Found local D. Tinctorius young for sale in my region, what do you think this morf could be? Thanks!


----------



## -Jex- (Mar 29, 2008)

Look like cobalts to me.


----------



## boombotty (Oct 12, 2005)

Could be a dwarf. Nice colors on them but very disturbing to see how they are housed.


----------



## Julio (Oct 8, 2007)

Dwarf cobalts for sure.


----------



## Woodsman (Jan 3, 2008)

French Guiana Dwarf Cobalt. These are the only tincs that I have been able to keep really successfully as a group frog (mine are a 1.3 and the male breeds a different female every couple of days). Very pretty morph.

Richard.


----------



## laylow (Apr 6, 2009)

boombotty said:


> Could be a dwarf. Nice colors on them but very disturbing to see how they are housed.


My words EXACTLY!!


----------



## Mikembo (Jan 26, 2009)

I have a 1.3 Dwarf Cobalt group that do great with each other too! I thought I was just lucky!!!

-Mike-



Woodsman said:


> French Guiana Dwarf Cobalt. These are the only tincs that I have been able to keep really successfully as a group frog (mine are a 1.3 and the male breeds a different female every couple of days). Very pretty morph.
> 
> Richard.


----------



## Woodsman (Jan 3, 2008)

Hi Mike,

Usually the female tincs will beat the crap out of each other, but the females in my Dwarf Cobalts will make a daisy chain of all three females following the male around the terrarium. So, technically, there's quite a bit of lesbianism going on with the chicks (they must be the Binobos of the frog world!)

Richard.



Mikembo said:


> I have a 1.3 Dwarf Cobalt group that do great with each other too! I thought I was just lucky!!!
> 
> -Mike-


----------



## RNKot (Jun 9, 2010)

Many thanks for feedback!

I crossed fingers for them being D. T. Dwarf cause the breeder don't know exactly what lives in his tanks... 

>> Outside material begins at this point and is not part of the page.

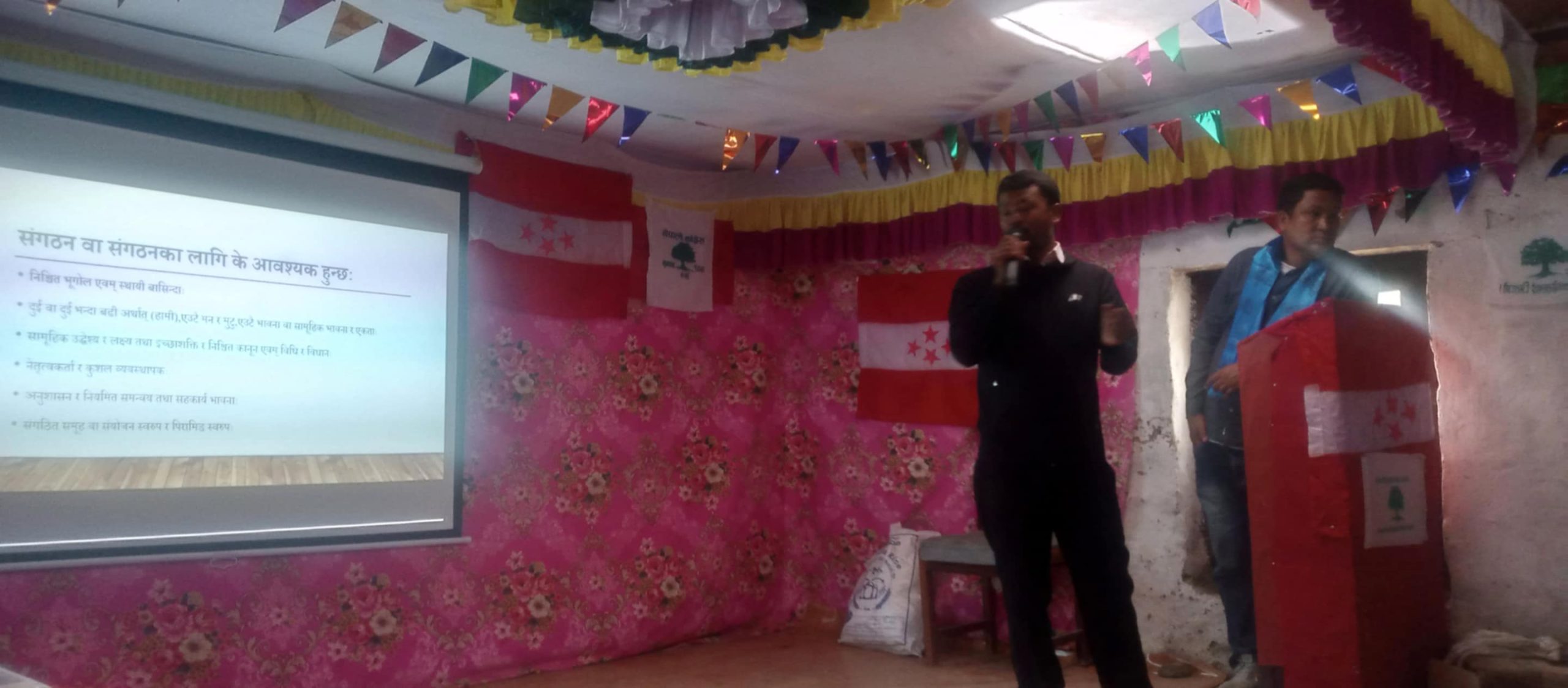 नेपाली काँग्रेस केन्द्र देखि वडा इकाइ सम्मका पदाधिकारीको उपस्थित रहेको कार्यक्रमलाई नेपाली काँग्रेसका जिल्ला सभापती मोहन विक्रम सिंह,उपसभापति बसन्त रोकाया र महासमिति सदस्य राजबहादुर रोकायाले प्रशिक्षण गराएका थिए ।

Now constructing a 28x20x24" tank wich i think will be large for a pair, but will try to do 1.2-3 group. Just wait for a construction journal


----------



## RNKot (Jun 9, 2010)

Yet some new pictures.

What will you say - Surinam or French Guiana Cobalt?..


----------



## Woodsman (Jan 3, 2008)

I would go with a very skinny French Guiana Dwarf Cobalt. Sometimes Bakhuis Mountains look like FGDCs, so I'll through that into the mix as well.

Richard.


----------